= Charles Delahaye (tennis) =

19th century jeu de paume player in France

Charles Delahaye (/fr/), also known as "Biboche," (born July 24, 1825 and died 1906) was a jeu de paume player in 19th-century France.

== Background ==
Henri Delahaye, Biboche's father, kept a court in Amiens and previously had a court in Geneva. With his father's tuition, Biboche's game soon improved and by the age of 15 he was attached to the court in the Passage Sandrié. Here, he played with J. Edmond Barre and the amateur, M. Mosneron, and soon came second in prowess only to Barre himself. His prime was in 1850-60. He was known as the best living teacher of the gamę, and as the able and courteous manager of the French courts. In 1848 he defeated Peter Tompkins at Hampton Court and in 1851 twice defeated his son, Edmund, at Oxford and James Street.

Biboche eventually became maître paumier (palm master) of the "Passage Sandrié, and on its demolition in 1861 took over the Tuileries Gardens court, retiring thirty-four years later in 1896." Similar to other great professionals, he was fond of bizarre handicaps and once played a "match wearing the full dress uniform of the National Guard, wielding his racket in his right hand and a musket with fixed bayonet in his left."

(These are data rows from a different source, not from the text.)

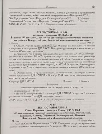 Из протокола № 604 заседания секретариата ЦК ВЛКСМ. Выписка: «О дополнительном отборе руководящих комсомольских работников для работы в Белорусской республиканской комсомольской организации». г. Москва. 3 ноября 1944 г. // ГААК. Ф. П-482. Оп. 2. Д. 214. Л. 54-55. Заверенная копия. Машинопись.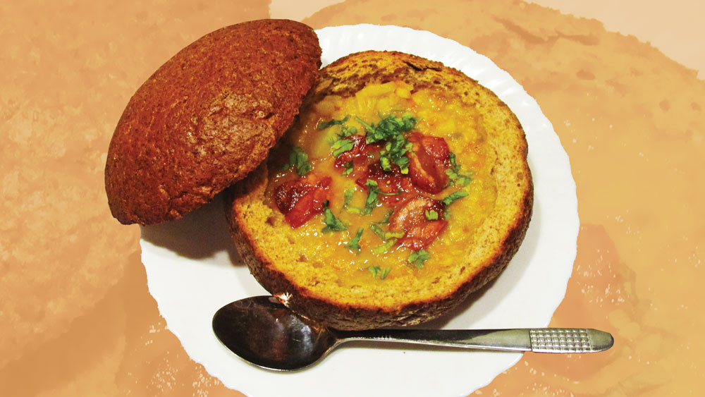 Šķelto zirņu zupa maizes “bļodiņā”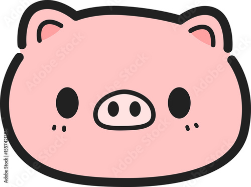 Obraz premium Cute hand drawn pink pig face cartoon doodle illustration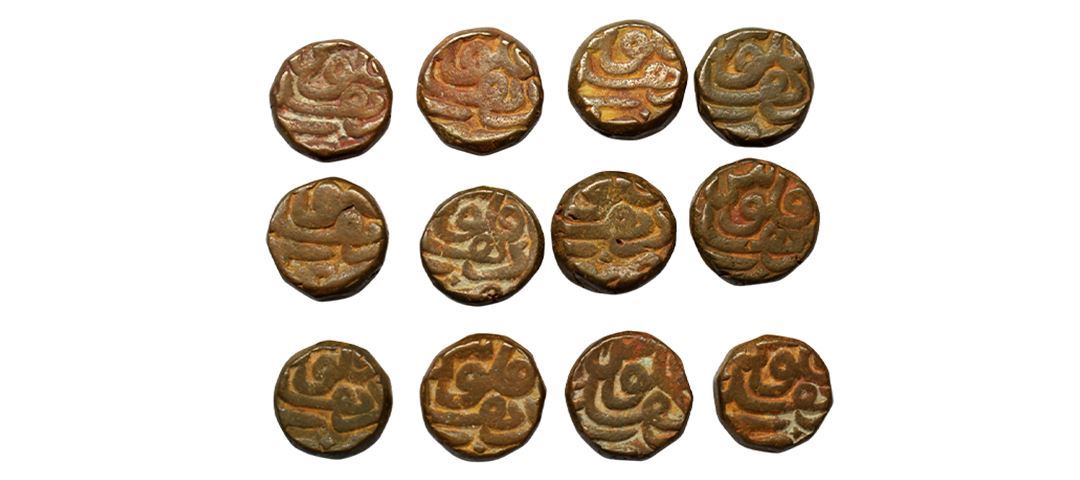 Akbar (AH 963-1014, 1556-1605 AD), Copper Dam, Delhi Mint, Full 12 Ilahi Months Set, KM #32.9, extremely fine, rare as a set.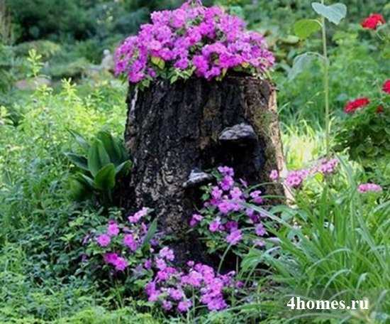Если на участке есть крайне непривлекательный пень от старого дерева, выкорчевать который нет возможности, не расстраивайтесь. Из него получится отличная приподнятая клумба.
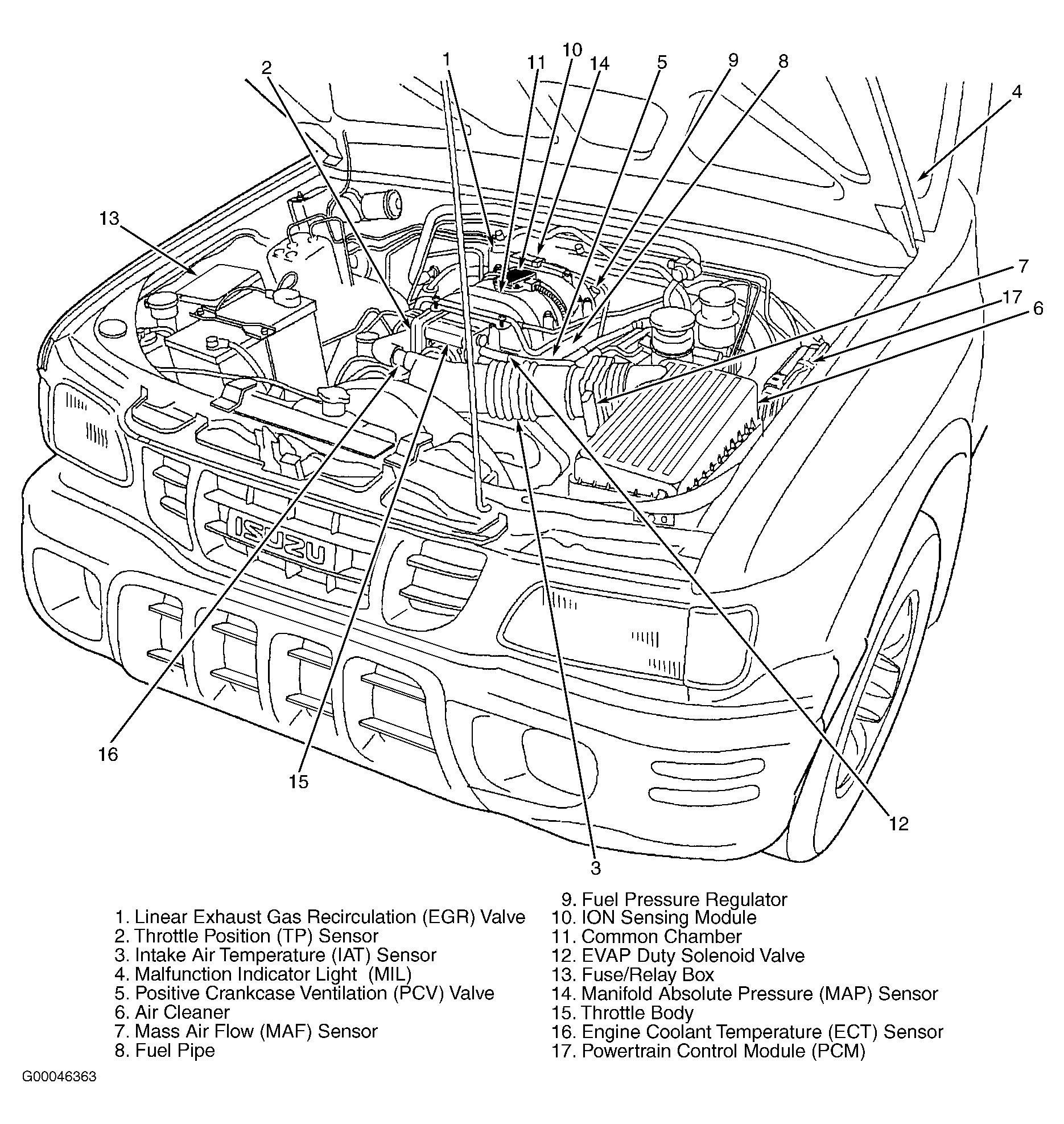 Fig 1: Component Locations (Axiom 3.5L, Rodeo 3.2L & Rodeo Sport 3.2L)

In 1861, Napoleon III tasked Delahaye with overseeing the construction of the Jeu De Paume. Delahaye commissioned Melchior Viraut to design the building and it opened on January 15th, 1862. Fifteen years later, Delahaye had Viraut design a second court on the East side of the building. Unfortunately, Delahaye's court fell into disuse by the early twentieth century and became an exhibition space in 1909.